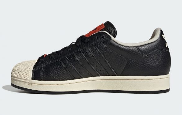 The upper, crafted from black pebbled leather, exudes character and authenticity, while a red tongue label bearing “Paris” and the Trefoil mark adds a bold contrast. Inside, shearling lining delivers comfort and warmth, and the red tartan insole nods to the rebellious ’80s and ’90s rap scenes that shaped Paris’ musical identity.
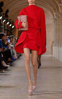 The Londoner continues to build on her empowering uniform with wearability, femininity, and sophisticated polish in equal measure. Find trademark ‘70s-edged tailoring, prints, and new finishes alongside streamlined designs with seductive touches. This mini skirt has a fitted silhouette detailed with two avant-garde circle panels adorning the hips. Complete the look with the matching sweater from the runway. PRODUCT DETAILS - Featured on the FW '23 runway - Slip on - Composition: 33% wool, 27% cotton, 27% viscose, 7% spandex, 6% polyester - Dry clean - Imported
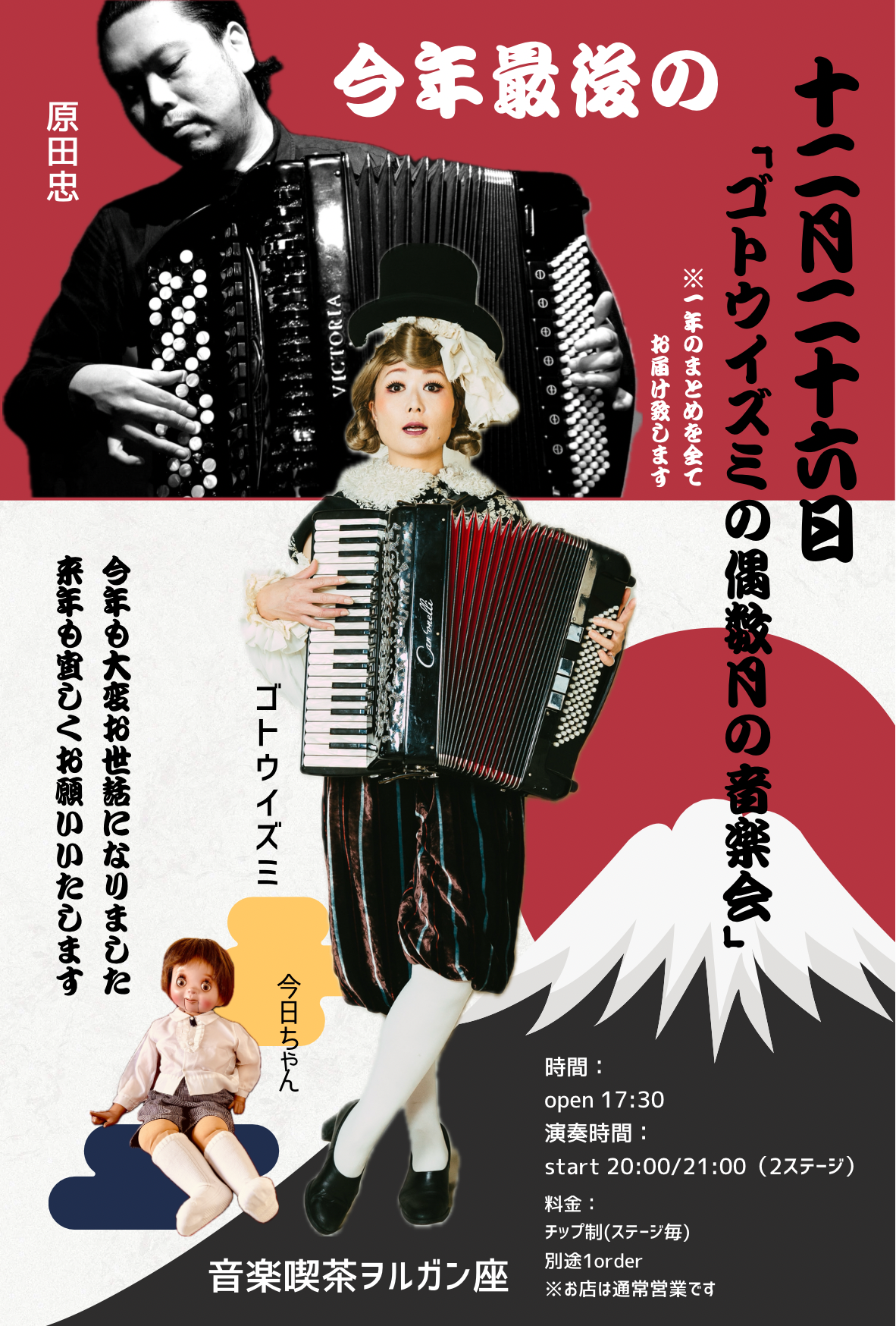 毎年有難い恒例の、ヲルガン座アコーディオン部部長原田忠さんと、年末感溢れる演奏会と演芸会を投げ銭で開催します。
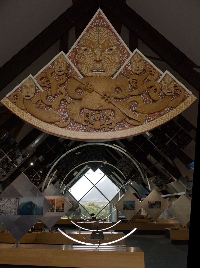 “The carving which hangs above as you enter the Aoraki/Mount Cook Visitor Centre represents Aoraki and his brothers, including Tawhirimatea – the wind.” From left to right these are named as: Rārakiroa, Rakirua, Aoraki, Tawhirimatea, Rakiroa and (below Aoraki) Tū Te Rakiwhānoa.
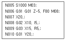 다음 CNC 밀링 프로그램에서 오류가 발생되는 블록은?
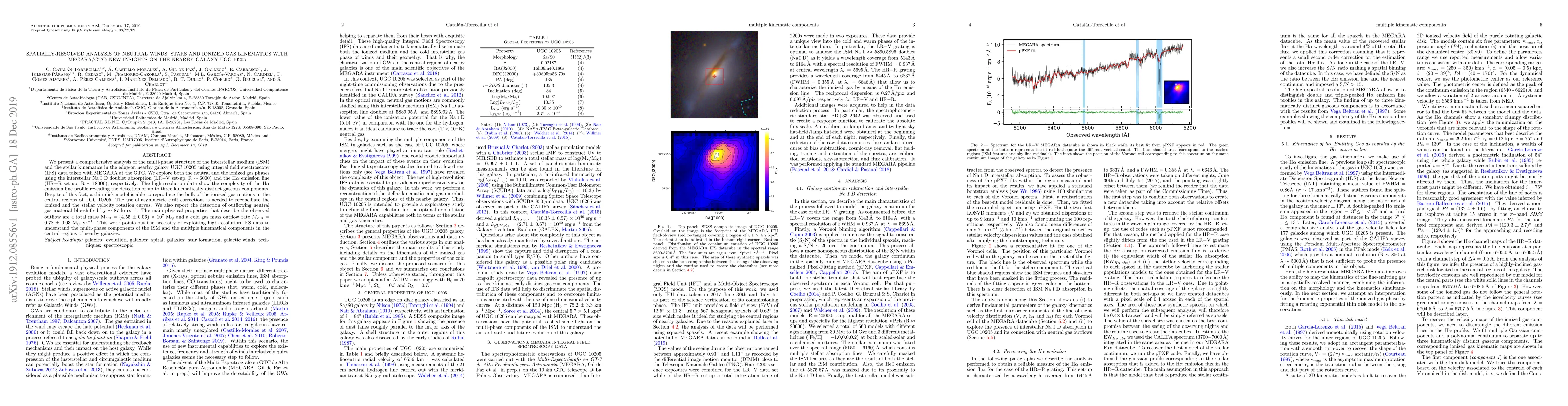 This study uses high-resolution spectroscopy to analyze the neutral winds, stars, and ionized gas in the nearby galaxy UGC 10205, revealing a complex multi-phase structure with a detected outflow of neutral gas material.
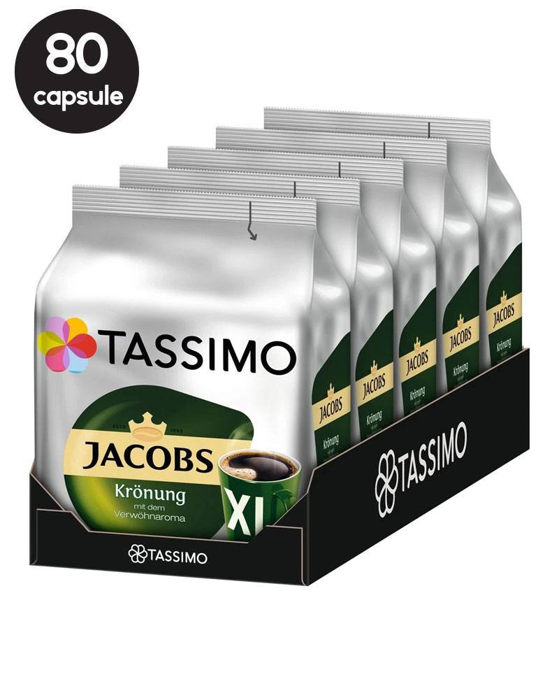 Ambalajul conține 80 capsule Tassimo Jacobs Krönung XL, perfecte pentru o ceașcă generoasă de 195 ml – o cafea elegantă, aromată și echilibrată, care aduce rafinamentul Jacobs în fiecare moment al zilei.
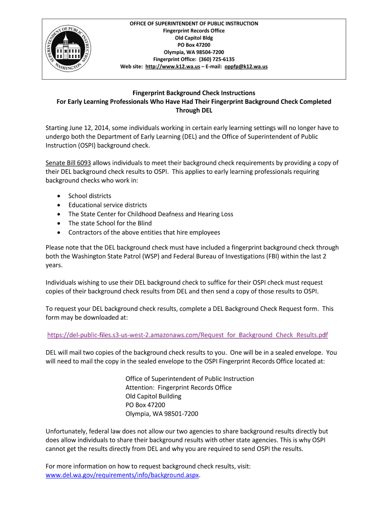 OFFICE OF SUPERINTENDENT OF PUBLIC INSTRUCTION Fingerprint Records Office Old Capitol Bldg PO Box 47200 Olympia, WA 985047200 Fingerprint Office: (360) 7256135 Website: http://www.k12.wa.us Email:
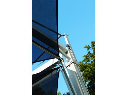 Максимальная четкость форм и размеров благодаря центральной опоре, на которой установлены два купола зонта Doppio. Специальный усиленный каркас делает модель идеальным изделием для затенения больших пространств. Каждый зонт имеет независимый механизм открытия, и оба зонта можно закрыть даже при наличии мебели под ними. Спицы заменяются по отдельности без необходимости разборки всей конструкции, а ткань навеса легко снимается для обслуживания или замены. Фурнитура из нержавеющей стали. Алюминиевый каркас, детали из нержавеющей стали. Стабилизатор обеспечивает более высокую стабильность зонта в очень ветреных условиях. Все продукты FIM разработаны и изготовлены в Италии с использованием лучших материалов для наружного применения, чтобы гарантировать исключительную долговечность даже в самых жестких условиях окружающей среды.
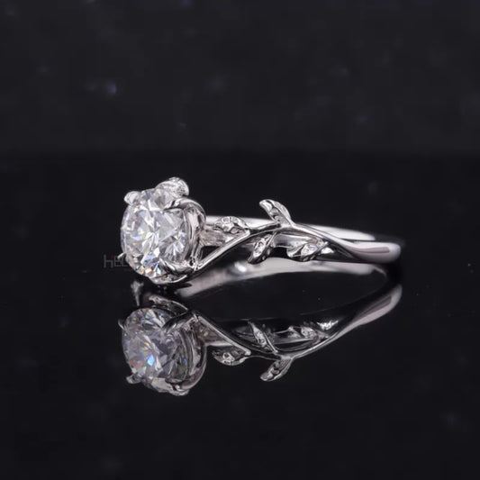 Round Cut Solitaire Moissanite Tree Leaf Branch Twist Engagement Ring
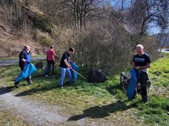 Die weiteren Helfer, die von Frankenwaldverein und den Bärenstarken Typen gestellt wurden, kümmerten sich um den Radweg entlang der Wilden Rodach. Auf der Strecke von Erlabrück bis Schnappenhammer wurde der gerne von Radfahrern und Wanderern genutzte Weg vorwiegend von Verpackungsmaterial und Getränkeflaschen gereinigt. Aber auch die Spielplätze im Stadtgebiet und das Umfeld der Silberberghütte wurden auf Vordermann gebracht. Bei der abschließenden Brotzeit im Flößerhaus, zu der Bürgermeister Jens Korn eingeladen hatte, wurde mit Bedauern festgestellt, dass im Vergleich zu früheren Jahren die Müllmenge wieder deutlich mehr geworden ist. Problemzonen bleiben der Parkplatz an der B 173 auf Höhe Silberberg und dessen Umfeld sowie der Parkplatz an der Kreisstraße oberhalb des Sportplatzes. Hier hinterlassen immer wieder Reisende und LKW-Fahrer rücksichtslos ihren Abfall in freier Natur. Unter anderen wurden volle Farbeimer, eine Mikrowelle und eine Gartenliege gefunden.
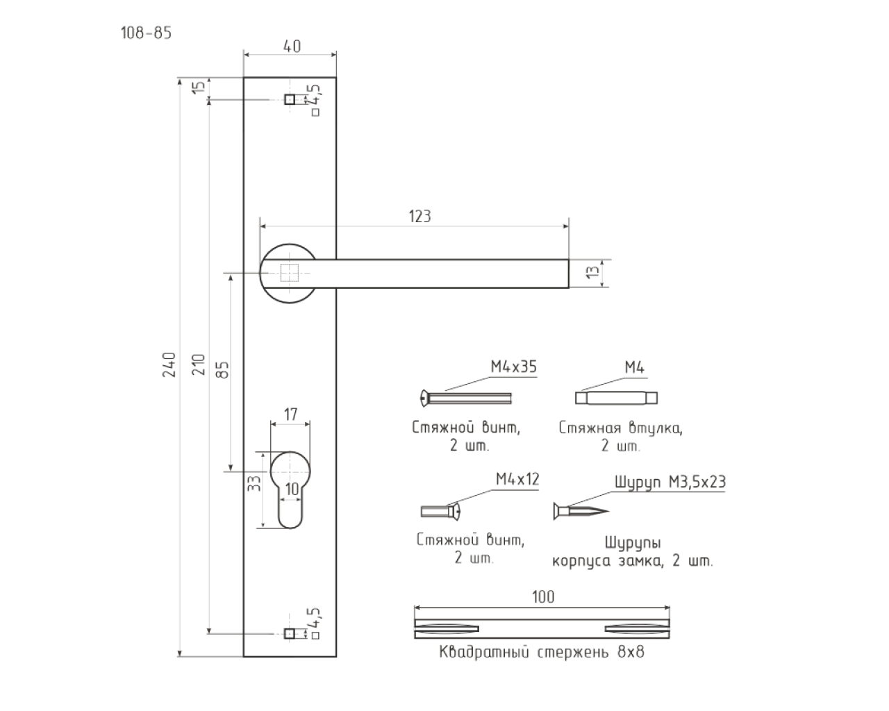 Комплект ручек на планке 2 шт модели 108-85 предназначен для комплектации с корпусом замка под цилиндр с межосевым расстоянием 85мм В упаковке 2 ручки на планке крепежРучки универсальные могут быть установлены на двери левого и правого открыванияМатериал ручки - сплав алюминия алюминий и кремний материал планки - сталь Механизм - усиленная пружина с повышенным ресурсом работы из закаленной сталиПокрытие ручки и планки - многослойное гальваническое
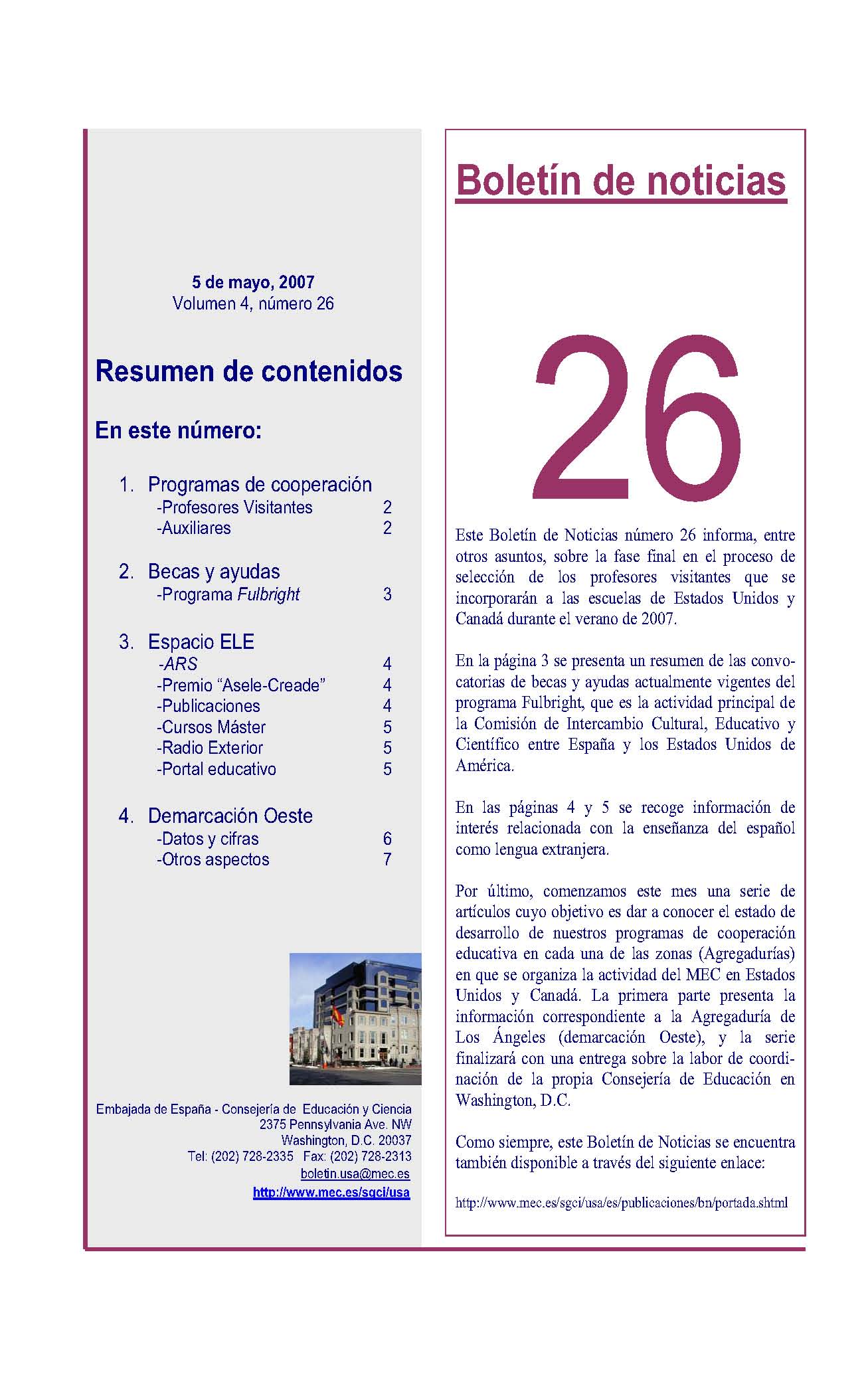 Este Boletín de noticias número 26 informa sobre el estado actual de desarrollo de los programas de cooperación educativa que gestiona la Consejería de Educación y Ciencia en Estados Unidos y Canadá.
══════════════════════════════
ACTIVITY: Exact repeat of the material above: every line from the one with "This study uses" through the one with "OFFICE OF SUPERINTENDENT", endpoints included, and nothing more. No pictures.

SOLUTION FOR THIS TASK:
 This study uses high-resolution spectroscopy to analyze the neutral winds, stars, and ionized gas in the nearby galaxy UGC 10205, revealing a complex multi-phase structure with a detected outflow of neutral gas material.
 Ambalajul conține 80 capsule Tassimo Jacobs Krönung XL, perfecte pentru o ceașcă generoasă de 195 ml – o cafea elegantă, aromată și echilibrată, care aduce rafinamentul Jacobs în fiecare moment al zilei.
 OFFICE OF SUPERINTENDENT OF PUBLIC INSTRUCTION Fingerprint Records Office Old Capitol Bldg PO Box 47200 Olympia, WA 985047200 Fingerprint Office: (360) 7256135 Website: http://www.k12.wa.us Email:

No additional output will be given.